### [RECORD EXTRACTS]
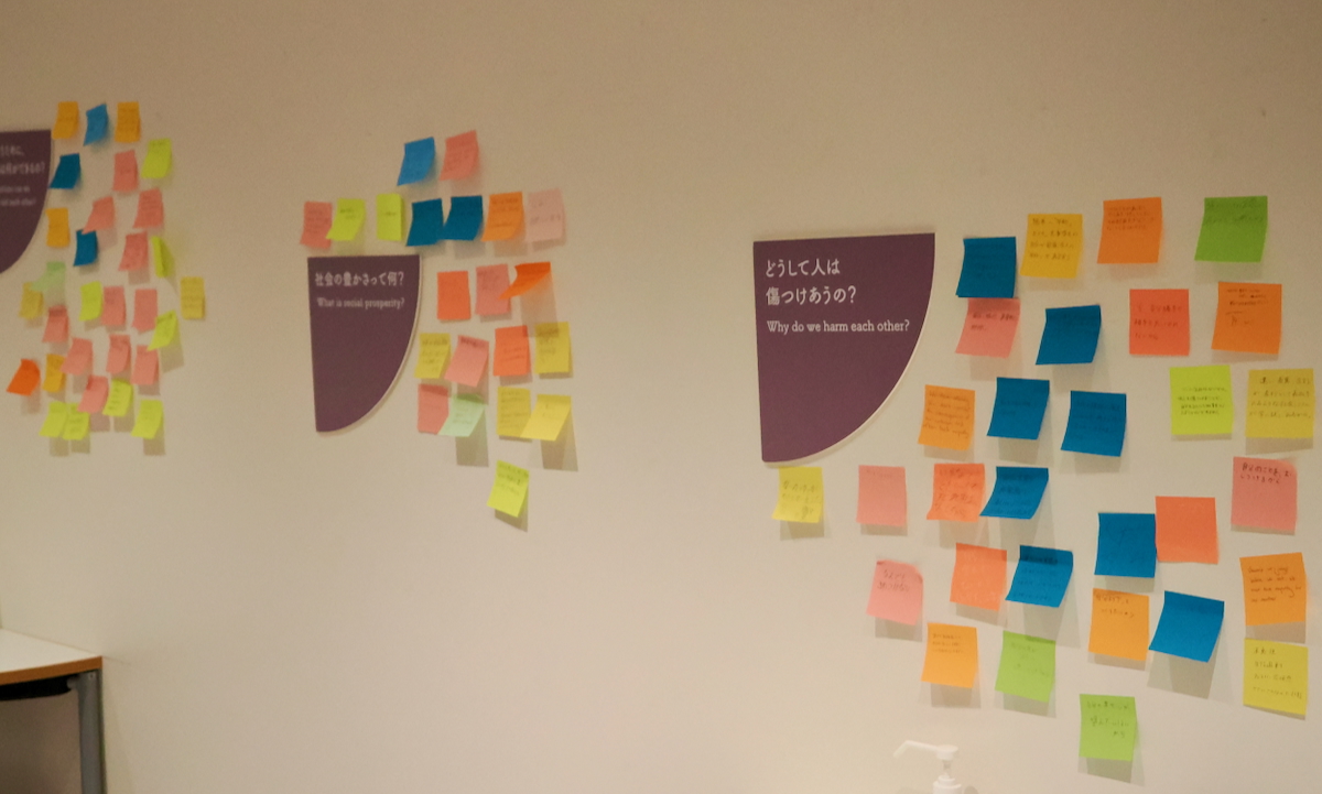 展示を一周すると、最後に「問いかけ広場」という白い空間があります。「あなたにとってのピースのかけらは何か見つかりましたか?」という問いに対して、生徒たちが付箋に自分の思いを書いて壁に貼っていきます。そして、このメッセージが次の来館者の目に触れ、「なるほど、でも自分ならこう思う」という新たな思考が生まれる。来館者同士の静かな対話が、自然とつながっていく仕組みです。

--

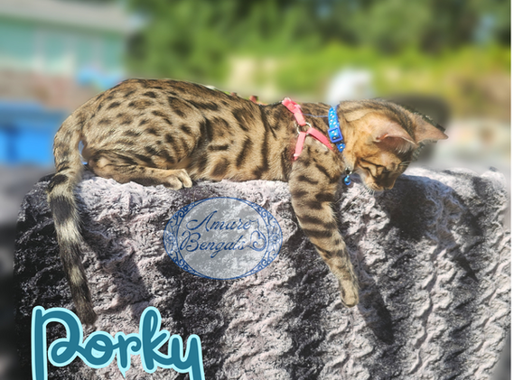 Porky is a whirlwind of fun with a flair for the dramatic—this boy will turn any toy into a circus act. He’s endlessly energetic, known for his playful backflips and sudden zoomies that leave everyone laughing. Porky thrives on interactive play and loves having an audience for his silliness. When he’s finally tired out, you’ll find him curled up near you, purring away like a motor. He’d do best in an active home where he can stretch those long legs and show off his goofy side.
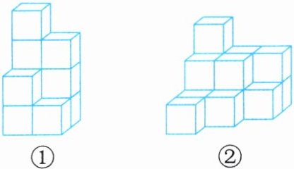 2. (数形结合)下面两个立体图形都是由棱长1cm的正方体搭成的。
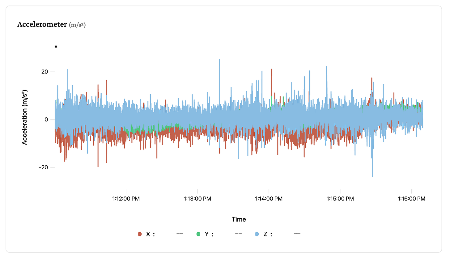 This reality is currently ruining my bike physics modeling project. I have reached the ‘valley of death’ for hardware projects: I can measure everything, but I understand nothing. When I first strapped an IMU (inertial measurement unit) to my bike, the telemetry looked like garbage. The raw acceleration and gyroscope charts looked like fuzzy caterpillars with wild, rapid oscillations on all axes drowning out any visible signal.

### [TRY IT]
Could you write out exactly the lines of the data above that run from the one holding "Porky is a whirlwind" to the one holding "This reality is", with both ends in and all pictures out?

### [EXERCISE SOLUTION]
 Porky is a whirlwind of fun with a flair for the dramatic—this boy will turn any toy into a circus act. He’s endlessly energetic, known for his playful backflips and sudden zoomies that leave everyone laughing. Porky thrives on interactive play and loves having an audience for his silliness. When he’s finally tired out, you’ll find him curled up near you, purring away like a motor. He’d do best in an active home where he can stretch those long legs and show off his goofy side.
 2. (数形结合)下面两个立体图形都是由棱长1cm的正方体搭成的。
 This reality is currently ruining my bike physics modeling project. I have reached the ‘valley of death’ for hardware projects: I can measure everything, but I understand nothing. When I first strapped an IMU (inertial measurement unit) to my bike, the telemetry looked like garbage. The raw acceleration and gyroscope charts looked like fuzzy caterpillars with wild, rapid oscillations on all axes drowning out any visible signal.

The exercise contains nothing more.